Each entry below is to be given again word for word, with no pictures.

(Stored records)
----

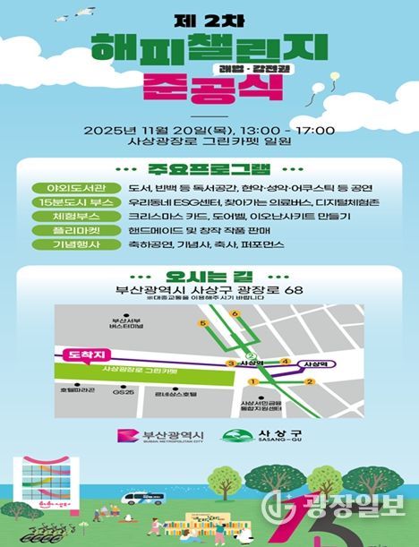 광장일보 주재영 기자 | 부산시는 오늘(20일) 오후 2시 30분, 새로 조성된 사상광장로 그린카펫에서 15분도시 '제2차 해피챌린지' 괘법·감전 생활권 준공식을 개최한다고 밝혔다.
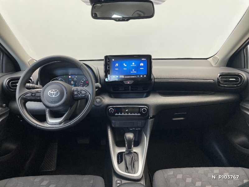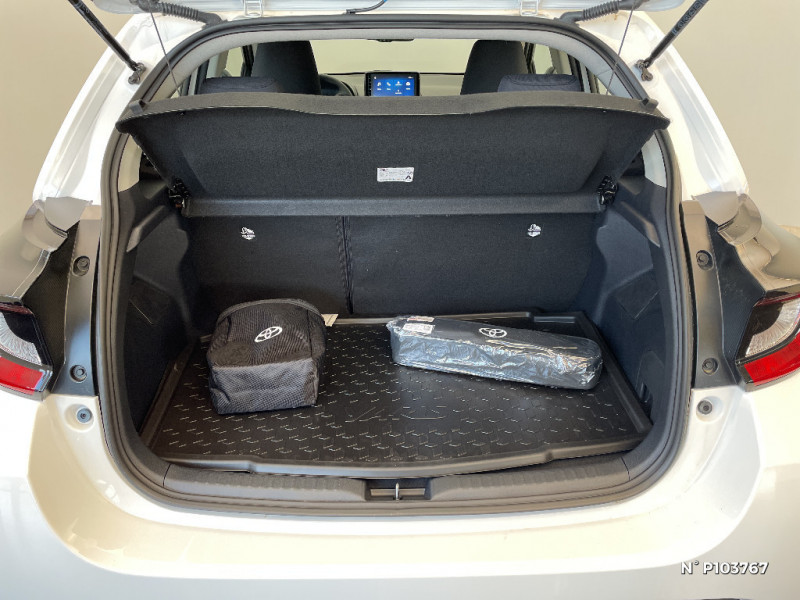 Toyota T-MATE / Toyota Safety Sense Système de sécurité précollision avec détection des véhicules, piétons et cyclistes, actif également dans les intersections+Alerte de franchissement de ligne avec aide au maintien dans la file, assistant de trajectoire et détecteur de fatigue+Lecture des panneaux de signalisation avec limiteur de vitesse+Gestion automatique des feux de route+Régulateur de vitesse adaptatif intelligent+Système d'arrêt d'urgence autonome +Système d'assistance à la conduite proactive+Suppression de l'acceleration / Services connectés standards MyToyota (inclus 10 ans) / Siège conducteur avec support lombaire électrique / Système d'appel d'urgence automatique "E-Call" / Système de connectivité smartphone sans fil Apple CarPlay et Android Auto / Système d'ouverture/fermeture et démarrage sans clé "Smart Entry & Start" / Système multimédia Toyota Touch 3 - Ecran couleur tactile 9" haute définition - Bluetooth, USB, Radio FM et DAB (digitale) - 2 ports USB-C et 6 haut-parleurs / Tableau de bord moussé / Antenne de toit aileron de requin / Assistant visuel de conduite (DMC) / Boîte automatique à variation continue / Ciel de toit gris clair / Contrôle de traction (TCS) / Double plancher du coffre / Electrostabilisateur programmé (ESP) / Enjoliveurs 15" / Feux de route halogènes / Programme "Toyota Experience" / Rétroviseur intérieur électrochromatique / Rétroviseurs extérieurs couleur carrosserie
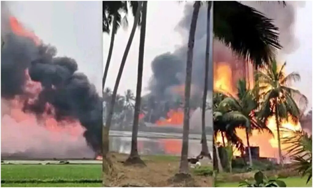 आंध्र प्रदेश में लीक हुई ONGC की गैस, कई जगहों पर लगी आग, क्षेत्र में मचा हड़कंप।
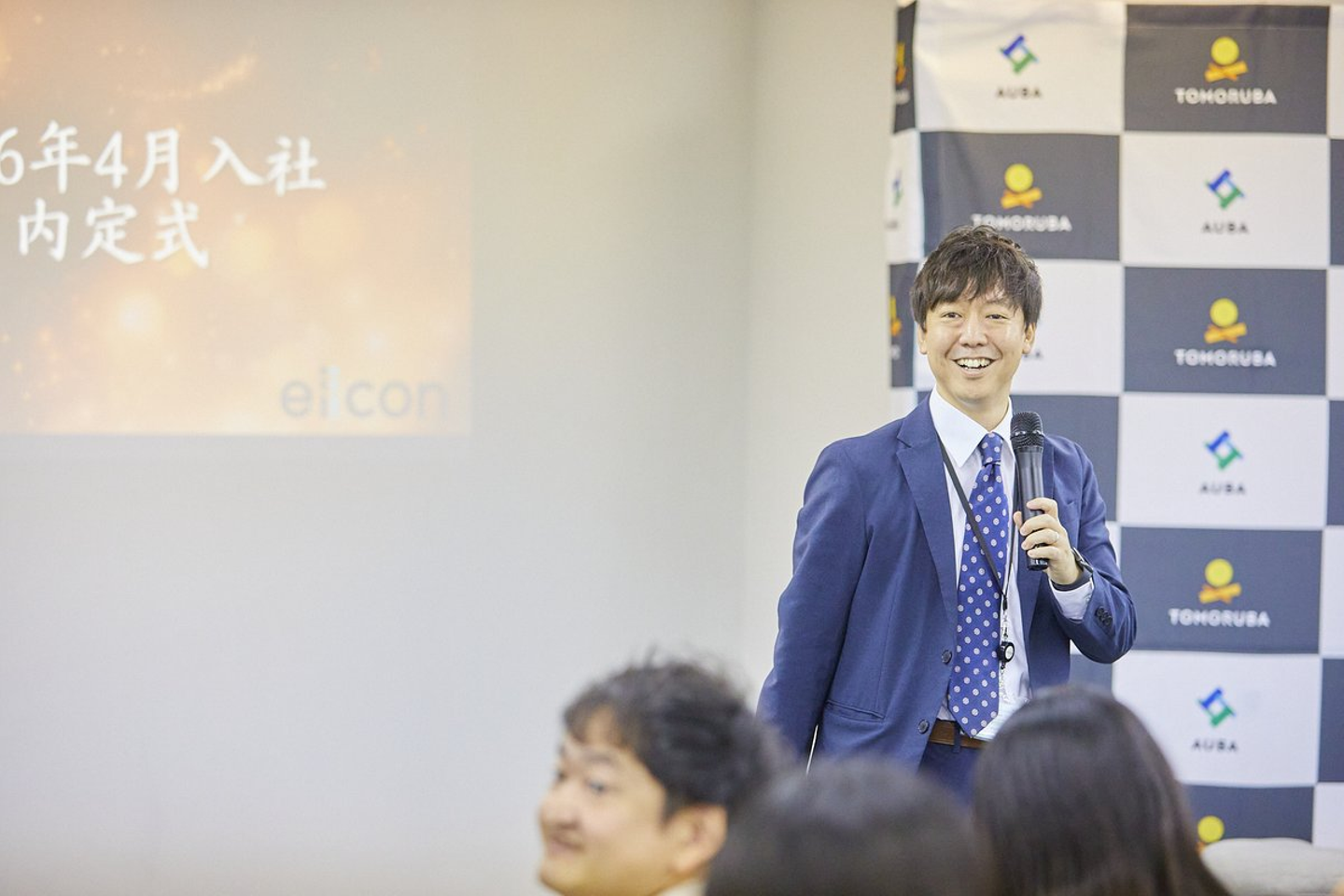 閉会の挨拶を担当した副社長の富田さんは、内定者を迎えられた喜びとともに、成長への環境を約束します。
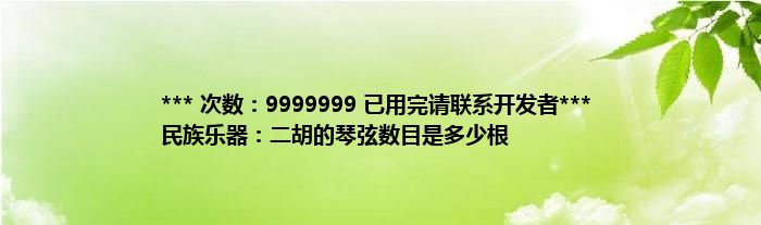 本文*** 次数:9999999 已用完请联系开发者*** 民族乐器:二胡的琴弦数目是多少根到此分享完毕,希望对大家有所帮助。
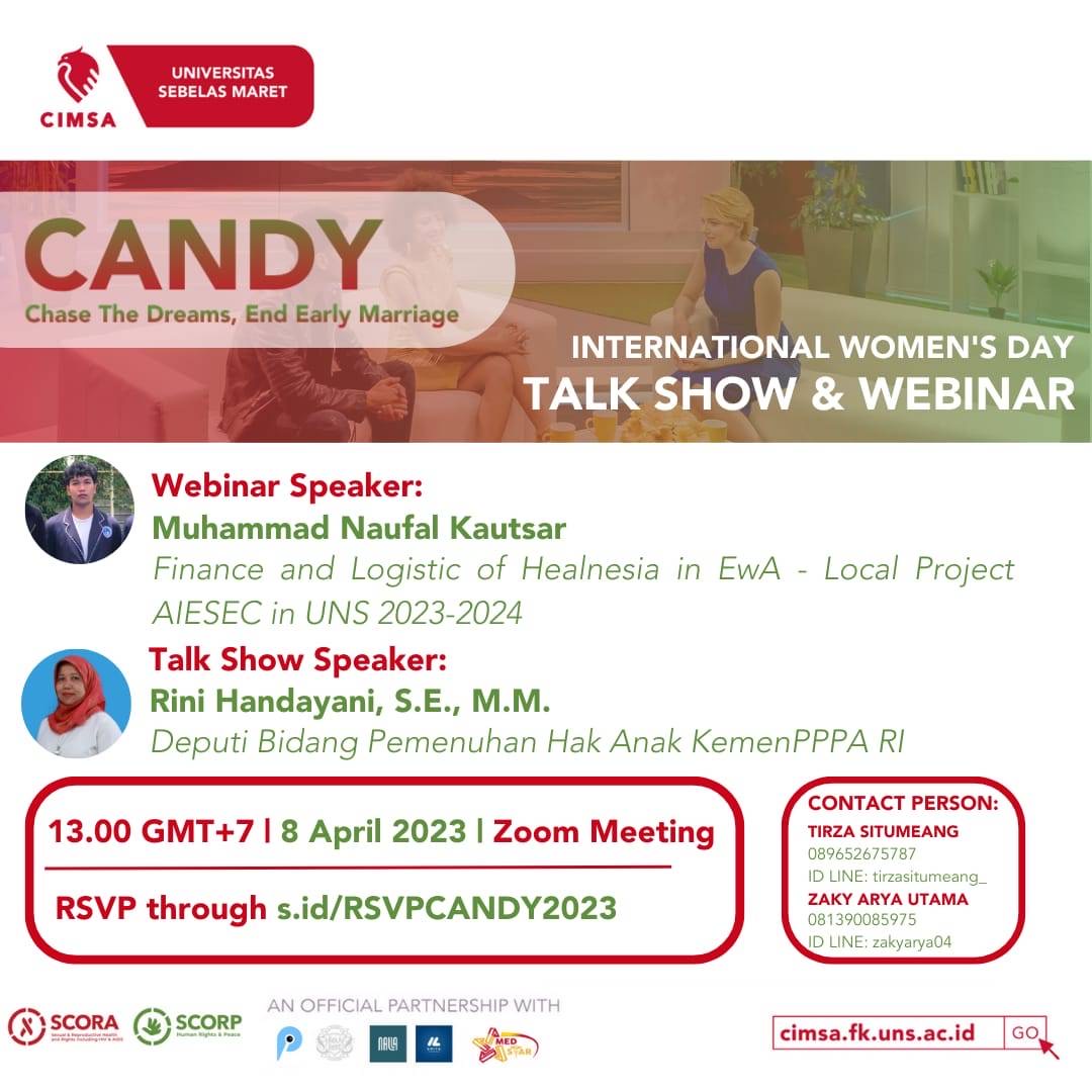 Talkshow Candy ini merupakan rangkaian acara terakhir dari 4 rangkaian acara yang diselenggarakan oleh CIMSA FK UNS SCORA x SCOPH. Diadakannya talkshow ini bertujuan untuk mengedukasi sekaligus mencegah maraknya pernikahan dini yang masih sering terjadi di masyarakat. Dalam talkshow ini terdapat dua sesi yaitu sesi talkshow dan webinar.
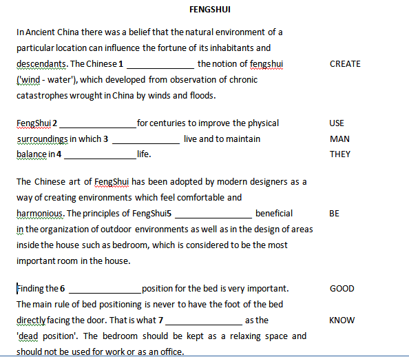 Прочитайте приведённый ниже текст. Преобразуйте слова, напечатанные заглавными буквами в конце строк, обозначенных номерами 1 – 7 так, чтобы они грамматически соответствовали содержанию текста. Заполните пропуски полученными словами. Перевод не нужен.

----

__RESULT BELOW__.
 광장일보 주재영 기자 | 부산시는 오늘(20일) 오후 2시 30분, 새로 조성된 사상광장로 그린카펫에서 15분도시 '제2차 해피챌린지' 괘법·감전 생활권 준공식을 개최한다고 밝혔다.
 Toyota T-MATE / Toyota Safety Sense Système de sécurité précollision avec détection des véhicules, piétons et cyclistes, actif également dans les intersections+Alerte de franchissement de ligne avec aide au maintien dans la file, assistant de trajectoire et détecteur de fatigue+Lecture des panneaux de signalisation avec limiteur de vitesse+Gestion automatique des feux de route+Régulateur de vitesse adaptatif intelligent+Système d'arrêt d'urgence autonome +Système d'assistance à la conduite proactive+Suppression de l'acceleration / Services connectés standards MyToyota (inclus 10 ans) / Siège conducteur avec support lombaire électrique / Système d'appel d'urgence automatique "E-Call" / Système de connectivité smartphone sans fil Apple CarPlay et Android Auto / Système d'ouverture/fermeture et démarrage sans clé "Smart Entry & Start" / Système multimédia Toyota Touch 3 - Ecran couleur tactile 9" haute définition - Bluetooth, USB, Radio FM et DAB (digitale) - 2 ports USB-C et 6 haut-parleurs / Tableau de bord moussé / Antenne de toit aileron de requin / Assistant visuel de conduite (DMC) / Boîte automatique à variation continue / Ciel de toit gris clair / Contrôle de traction (TCS) / Double plancher du coffre / Electrostabilisateur programmé (ESP) / Enjoliveurs 15" / Feux de route halogènes / Programme "Toyota Experience" / Rétroviseur intérieur électrochromatique / Rétroviseurs extérieurs couleur carrosserie
 आंध्र प्रदेश में लीक हुई ONGC की गैस, कई जगहों पर लगी आग, क्षेत्र में मचा हड़कंप।
 閉会の挨拶を担当した副社長の富田さんは、内定者を迎えられた喜びとともに、成長への環境を約束します。
 本文*** 次数:9999999 已用完请联系开发者*** 民族乐器:二胡的琴弦数目是多少根到此分享完毕,希望对大家有所帮助。
 Talkshow Candy ini merupakan rangkaian acara terakhir dari 4 rangkaian acara yang diselenggarakan oleh CIMSA FK UNS SCORA x SCOPH. Diadakannya talkshow ini bertujuan untuk mengedukasi sekaligus mencegah maraknya pernikahan dini yang masih sering terjadi di masyarakat. Dalam talkshow ini terdapat dua sesi yaitu sesi talkshow dan webinar.
 Прочитайте приведённый ниже текст. Преобразуйте слова, напечатанные заглавными буквами в конце строк, обозначенных номерами 1 – 7 так, чтобы они грамматически соответствовали содержанию текста. Заполните пропуски полученными словами. Перевод не нужен.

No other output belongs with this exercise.